SINTO QUE O MÊS PRESENTE ME ASSASSINA
Sinto que o mês presente me assassina, 
As aves atuais nasceram mudas
E o tempo na verdade tem domínio
sobre homens nus ao sul das luas curvas. 
Sinto que o mês presente me assassina, 
Corro despido atrás de um cristo preso, 
Cavalheiro gentil que me abomina
E atrai-me ao despudor da luz esquerda 
Ao beco de agonia onde me espreita 
A morte espacial que me ilumina.
Sinto que o mês presente me assassina 
E o temporal ladrão rouba-me as fêmeas 
De apóstolos marujos que me arrastam 
Ao longo da corrente onde blasfemas 
Gaivotas provam peixes de milagre. 
Sinto que o mês presente me assassina, 
Há luto nas rosáceas desta aurora,
Há sinos de ironia em cada hora 
(Na libra escorpiões pesam-me a sina) 
Há panos de imprimir a dura face 
À força de suor, de sangue e chaga. 
Sinto que o mês presente me assassina, 
Os derradeiros astros nascem tortos 
E o tempo na verdade tem domínio 
Sobre o morto que enterra os próprios mortos. 

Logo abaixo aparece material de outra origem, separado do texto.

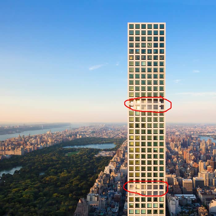 Answer: mechanical voids to get extra height to the building. City zoning regulations have put restrictions on them. Tall buildings would typically need a plant room every 25 storeys or so (of which one may be rooftop). Because of the way planning floorspace typically works though there’s no real limit until now on building more mechanical plant rooms (unlike normal floors) so more space is being put in them than necessary to help with some other issues like here they are a bit open to help reduce wind loading and also just to increase the height of the building because higher units sell for more money.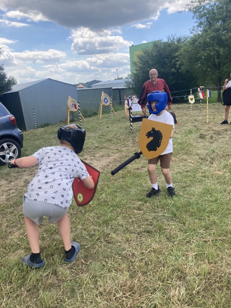 W ramach tego cyklu najmłodsi mieszkańcy Debrzna mogli przenieść się do czasów średniowiecza. Zorganizowaliśmy gry rycerskie, takie jak slalom na koniku z mieczem, strzelanie z łuku do tarczy czy bezpieczne pojedynki z wykorzystaniem piankowych mieczy i ochronnych hełmów. Była to nie tylko świetna zabawa, ale również okazja do rozwijania zręczności i wyobraźni.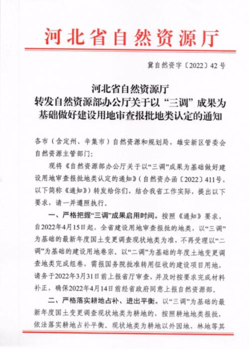近期,河北省自然资源厅转发自然资源部办公厅关于以“三调”成果为基础做好建设用地审查报批地类认定的通知,按照《通知》要求,自2022年4月15日起,全省建设用地审查报批的地类,以“三调”为基础的最新年度国土变更调查现状地类为准,不再受理以“二调”为基础的建设用地卷宗。

O tempo na verdade tem domínio,
Amen, amen vos digo, tem domínio
E ri do que desfere verbos, dardos
De falso eterno que retornam para
Assassinar-nos num mês assassino.
____________________
Mário Faustino (Theresina, 1930-Céu dos Andes, 1962). Poema de "O Homem e Sua Hora", Cia de Letras, SP, 2002.